I also wanted a matching belt.  Sorry, no photos (it was an afterthought!)  I used two layers of heavyweight iron-on interfacing to give it shape.  It is secured with velcro.  The flower was made by ripping 1 1/2" strips of fabric, gathering them down the middle, then sewing them in a circular pattern onto a circular base of fabric.  (I strengthened the base with two layers of interfacing also.)  I started sewing around the outside edge and worked my way to the middle, keeping the rows very close together.  I topped it off with vintage earring hot-glued to the middle.




Good Luck!





Tuesday, May 24, 2011

Blue T-Shirt Dress

This blue dress was so simple on account of the working button detail on the shoulder.  This allowed me to make the neckline smaller with pleats and still be able to get the dress on and off by just unbuttoning one shoulder seam.

Supplies Needed:

Woman's t-shirt
scissors
tape measure
pins, needle and thread
sewing machine
child's dress, t-shirt, or pattern to be used as a guide
decorative button (optional)

Begin with a t-shirt that has buttons already at the shoulder.  If you don't have a t-shirt with this detail, you can still make the dress, but you will need to follow the back neckline detail of the pink dress in order to get the dress on and off.

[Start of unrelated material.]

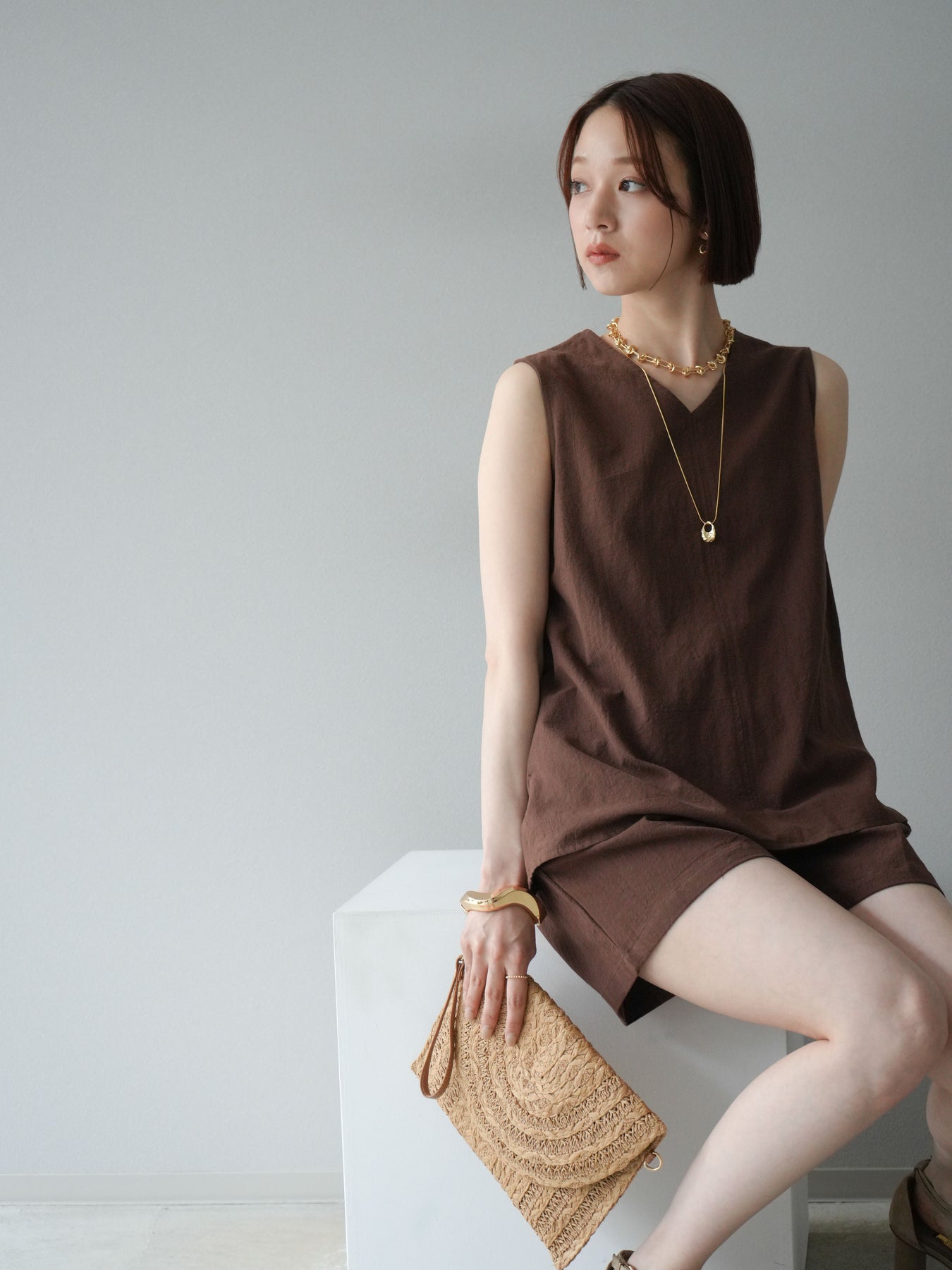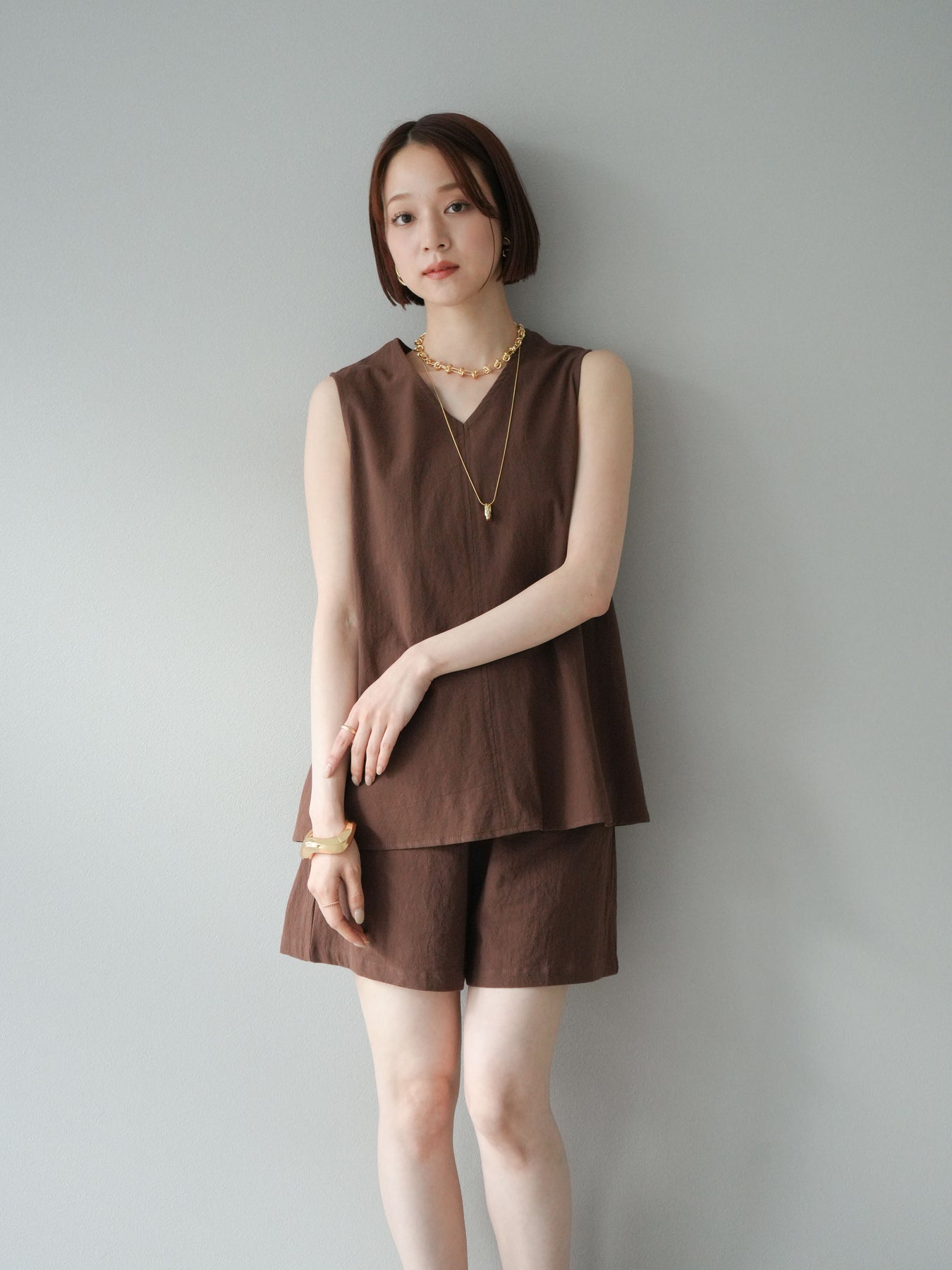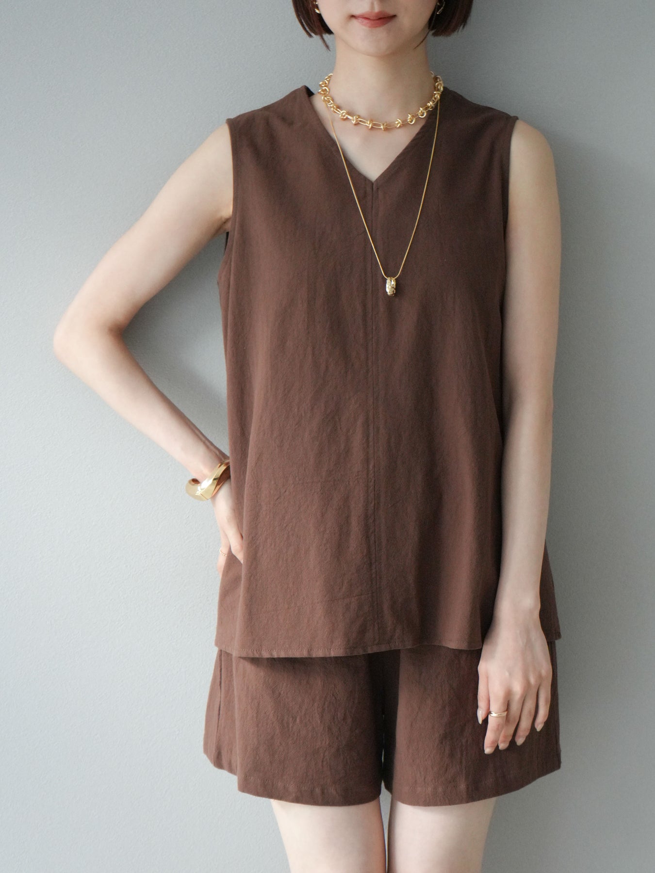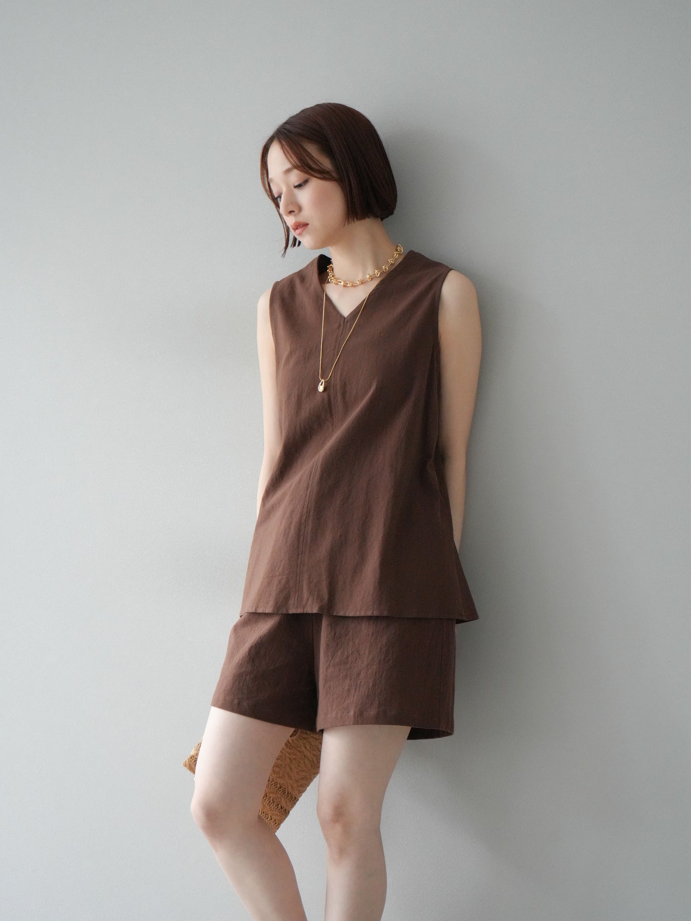 亞麻質地的襯衫和短褲的套裝,散發著夏日的輕盈氣息。襯衫雖然簡潔,但V領的設計讓臉型看起來乾淨俐落,寬鬆的輪廓也讓穿著舒適。短褲採用鬆緊帶設計,方便穿脫,長度也恰到好處,與上衣相得益彰。這件單品既可以當作套裝使用,也可以當作日常單品搭配。 ※除下裝、吊帶背心(內衣)以外的商品均不含內衣。

Before I began, I decided I liked the overcast stitch detail on the t-shirt and I wanted to incorporate it into the design.  I cut off about 3" from the bottom of the t-shirt and the sleeves to be used later for a ruffle.


Cut away the sleeves, allowing enough excess fabric to be able to turn it under and topstitch.  I did this so that I could take advantage of the overcast stitch detail.


Figure how big you want the armhole openings to be (you might look at an existing t-shirt, dress, or child's pattern to get an idea.)  Cut the sides of the t-shirt starting at the armholes and continuing to the bottom edge of the t-shirt so that your overall width is the size you want.  Be sure to allow for a seam allowance.  I also needed to cut a bit off the length and did so at this point.

  

It's time to start construction.  I placed a pin at the center of the front neckline.  Then I placed three more pins to each side of the center pin at 1" intervals.  Repeat on the back neckline.


Starting with the pin to the right of the center, fold the neckline at the pin and bring the fold to the center.  Pin in place.



   Make a fold at the furthest pin and bring it toward the center to the next nearest pin.  Pin in place.


Repeat on the left side.


You should now have four pleats pinned in place.  Repeat the same process on the back neckline.  Stitch in place.


Turn the dress right sides together and stitch the side seams.


Serge or finish the edges of the armhole openings.


Fold the excess fabric to the back of the armhole opening and topstitch in place.


Stitch the ruffle pieces together (the pieces you cut from the bottom edge of the t-shirt and the bottom of the sleeves.)


Gather the ruffle, pin to the bottom edge of the dress and stitch in place.


And that's all there is to it!  Oh, except for a little button detail in the front, if you desire!